Winnie the Pooh (2011) Stephen J. Anderson, Don Hall

Production Budget: $30 million

Worldwide Gross: $33 million

When I first heard of this movie bombing I had a feeling of the general audience letting me down (as if anyone really owes me anything but anyway…).  Whenever a remake or reboot of an old franchise comes out like the Smurfs or Alvin and the Chipmonks it is usually slammed as being a betrayal of the original source material and god awful marketing crap and blah blah blah.  Meanwhile you get a movie which stays about as faithful as you can to the original look and feel (while simultaneously being a very enjoyable story) and it is a failure at the box office.

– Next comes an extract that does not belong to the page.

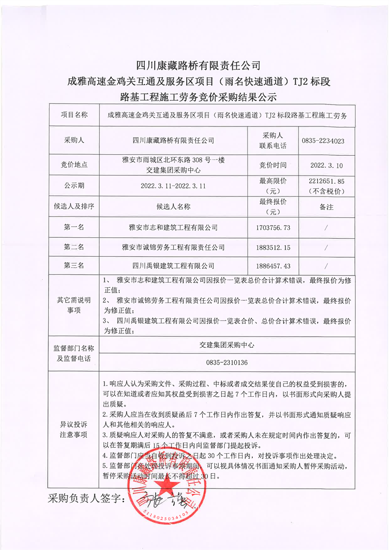 四川康藏路橋有限責(zé)任公司成雅高速金雞關(guān)互通及服務(wù)區(qū)項目(雨名快速通道)TJ2標(biāo)段路基工程施工勞務(wù)競價采購結(jié)果公示

But there were many things which let this movie down.  One was the extremely befuddling decision to release this in the summer movie months.  It is hard for any movie to compete against a blockbuster like Harry Potter or Captain America, while simultaneously competing with other kids movies like a Smurfs.  I mentioned earlier when this movie first came out that it would seem a better idea to release this closer to the beginning of the year.  The beginning of the year is a dead zone where most studios dump their crap like Atari dumping so many cartridges of ET.  But that would actually work in the favor of Pooh because there would be no competition for the same audience and parents would be desperate to take them to anything good.  I would certainly want to be opening next to Country Strong, The Dilemma, and The Green Hornet rather than Harry Potter, Captain America, and Smurfs.

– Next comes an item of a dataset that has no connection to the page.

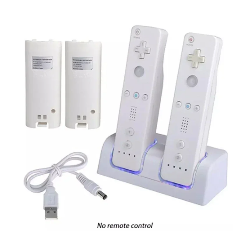 2 Ports Charging Stand Dock Station + 2 Batteries for Wii Gamepad Remote Controller Charging Dock Station

Another thing which did hurt the movie was the running time.  Pooh itself is only about 56 minutes.  In theaters I think they had a 20 minute short but on my DVD they didn’t have it.  I know I always talk about how I would rather have an awesome short movie than a mediocre long one.  The problem is I’m not a parent.  I spoke with many friends who are parents and who really wanted to see a great Pooh movie but who didn’t want to go to the theater.  They want something that will occupy their children’s attention for more than an hour and it is especially bad with ticket prices.  Can you really justify spending money on tickets for the whole family, food, and beverages for something that is over relatively quick?  Maybe they should have done another short to pad out the run time even more.  But if there is a silver lining it is that I think this movie is much better suited to the DVD market than the theater market.  It is nothing to rent this from Blockbuster/Red Box/Netflix/Video on Demand/etc. compared to the money you spend at the theater.  It will definetly be more of a hit now.  Now with that being said, let me get on with the review.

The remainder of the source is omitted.